Literature DB >> 23825125

Carboxypeptidase E protects hippocampal neurons during stress in male mice by up-regulating prosurvival BCL2 protein expression.

S R K Murthy1, E Thouennon, W-S Li, Y Cheng, J Bhupatkar, N X Cawley, M Lane, I Merchenthaler, Y P Loh.   

Abstract

Prolonged chronic stress causing elevated plasma glucocorticoids leads to neurodegeneration. Adaptation to stress (allostasis) through neuroprotective mechanisms can delay this process. Studies on hippocampal neurons have identified carboxypeptidase E (CPE) as a novel neuroprotective protein that acts extracellularly, independent of its enzymatic activity, although the mechanism of action is unclear. Here, we aim to determine if CPE plays a neuroprotective role in allostasis in mouse hippocampus during chronic restraint stress (CRS), and the molecular mechanisms involved. Quantitative RT-PCR/in situ hybridization and Western blots were used to assay for mRNA and protein. After mild CRS (1 h/d for 7 d), CPE protein and mRNA were significantly elevated in the hippocampal CA3 region, compared to naïve littermates.
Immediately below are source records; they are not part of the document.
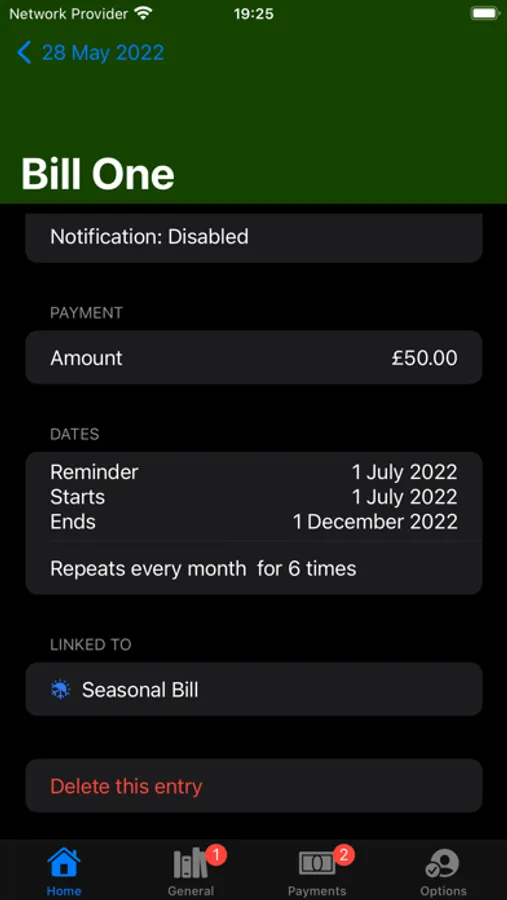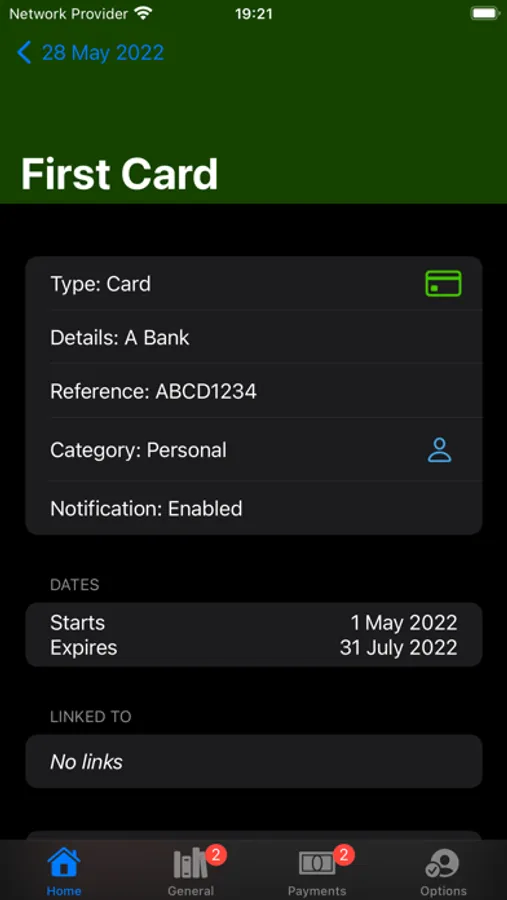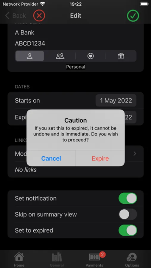 Keep tabs on the number of active and expired entries for each (General or Payment). Normally the icon shows the number of active entries, and when select it changes to show the number of expired undeleted entries instead.
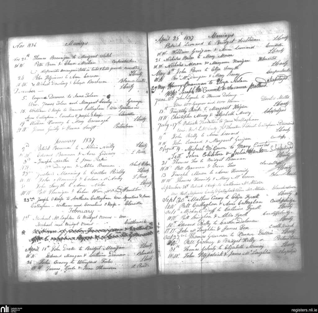Blanchardstown; County of Dublin; Archdiocese of Dublin. Marriages, Nov. 1836 to Oct. 1837
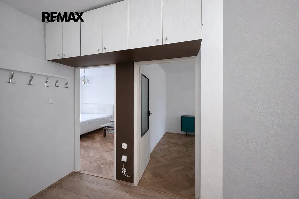 Dispozice bytu je prakticky řešena – z centrální chodby s úložnými prostory se vstupuje do jednotlivých částí bytu. K dispozici je samostatné WC, koupelna, spíž a kuchyň s jídelním koutem. Na kuchyň navazuje jeden velký průchozí pokoj, dále pak samostatný pokoj s přístupem na balkon.
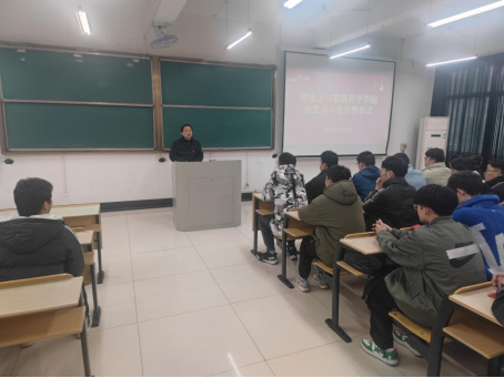 宣誓仪式在庄严的《国际歌》中拉开帷幕。张敏宣读公司党委关于党员发展和转正的批复。面向鲜红的党旗,全体新党员和老党员起立,在微电子本科生党支部书记张佳良的领誓下,举起右手,庄严宣誓,表达对党的忠诚、为共产主义事业奋斗终生的决心。随后,汪春胜、张敏以及各支部书记一一为新党员佩戴党员徽章。光电工程系党支部、教师许瑞醒作为新党员代表发言,表达了光荣入党的激动心情和锐意进取、无私奉献的决心。微电子本科生党支部、微C211班员工张超作为老党员代表发言,表达了对新党员的祝贺、回顾了入党的初心、提出了发挥模范作用的期冀。

In addition, luciferase reporter assays identified a functional glucocorticoid regulatory element within the cpe promoter that mediated the up-regulation of CPE expression in primary hippocampal neurons following dexamethasone treatment, suggesting that circulating plasma glucocorticoids could evoke a similar effect on CPE in the hippocampus in vivo. Overexpression of CPE in hippocampal neurons, or CRS in mice, resulted in elevated prosurvival BCL2 protein/mRNA and p-AKT levels in the hippocampus; however, CPE(-/-) mice showed a decrease. Thus, during mild CRS, CPE expression is up-regulated, possibly contributed by glucocorticoids, to mediate neuroprotection of the hippocampus by enhancing BCL2 expression through AKT signaling, and thereby maintaining allostasis.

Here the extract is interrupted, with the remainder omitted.